荊遠客嘆口氣,看了眼唐孟楠,“清世之戰過後,碧血草在中原現世,我曾順著這條線索追查過,可最後只找到位村婦,說聽聞有位重傷的女子,用一個華光溢彩的瓶子換賣貨郎替她懷中的孩子尋一位人家。那賣貨郎到鎮上把瓶子當了,幾番輾轉,有識貨的藥師認出來,或許就是傳聞中的碧血草,後來再沒有這樣的傳聞,實則是秘密被鳳翼山齊家收入囊中。而那女子與賣貨郎,還有那個孩子,都消失在茫茫大山中。”

故事說完,荊遠客直視李意言,“先前問你要的那瓶血,我已與百裏家的人驗過,你就是琬絨與百裏晨覆的孩子無疑,也是神女死前護著的那個孩子,你就沒對自己的內力感到奇怪過嗎?你明明在邊境小城長大,為何能無師自通地修煉內力?那應當是神女傳給你的南宮家族的內力。不論是於情於理,還是為了你自己的身體著想,你都應該盡快隨我回去。”

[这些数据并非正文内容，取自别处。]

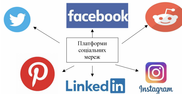
Рисунок 3 – Платформи соціальних мереж

Тож, основними викликами при пошуку інформації в Інтернет є виявлення правдивої інформації серед величезних потоків даних, перевірка її достовірності та протидія цілеспрямованому розповсюдженню фейків.
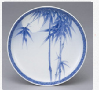
染付竹図皿 伊藤四郎左衛門作 瀬戸市蔵

慣常最聽不得荊遠客說這話的溫緋樂,此刻也沈默了,只不過默默白了荊遠客一眼。

任誰聽完這樣的過程和結局,都會感到唏噓。

荊遠客自是巋然不動,倒是唐孟楠一直在想荊遠客方才看他那一眼的深意,自己和不歸宗並無交際,從小由師父帶大,荊遠客何以看他一眼呢?莫非他還隱瞞了什麽。

所有人的目光都落在李意言身上,他苦笑道:“我過去三十年,不曾知道這些。也並非偏幫中原武林,而是不想世上有更多……如我這般的無辜之人。”

“無論是九幽神女,抑或是……琬絨和百裏晨覆二位,都並不介意到底出身八極還是中原。若真是他們的後人,要繼承他們的遺志,豈非更加應該止戈化戰?”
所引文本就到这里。